Prime Minister to Mr. Macmillan (Algiers)

25 Sept. 43

Astonishment was caused here at a broadcast from the Bari radio in the name of “the King of Italy and Albania and Emperor of Ethiopia.” I need scarcely say that any repetition of follies like that will bring our whole policy into discredit here. How would the King like to be sent back to his Empire in Ethiopia to be crowned?

… I presume we are going to see the King’s speech before he lets it off, or if there is no time for this that you will anyhow vet it. The reference to the Soviet is of capital importance, as Stalin’s support for our policy of using the Italian Government is invaluable.

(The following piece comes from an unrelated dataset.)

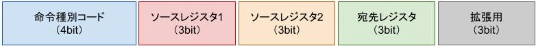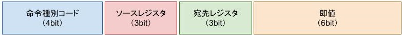 ピッタリ16bitになりました。命令種別コードが4bitですので、このCPUは最大2の4乗、16個の命令をサポートすることができます。

  On September 28, Marshal Badoglio left Brindisi in an Italian cruiser to sign the long-term surrender at Malta. He was received with ceremony on board the battleship
Nelson
by General Eisenhower, and his Chief of Staff, General Bedell Smith, Lord Gort, and General Alexander. Badoglio hoped to be spared the clause on unconditional surrender, but the Allied commanders insisted that this was a formal meeting to sign documents presented by the Allied Governments which would admit of no discussion.

After the signatures had been appended, Badoglio had a short discussion with General Eisenhower about declaring war on Germany, which the Italian Marshal wished to do. The day ended with a visit to the units of the Italian Fleet anchored in Malta Harbour.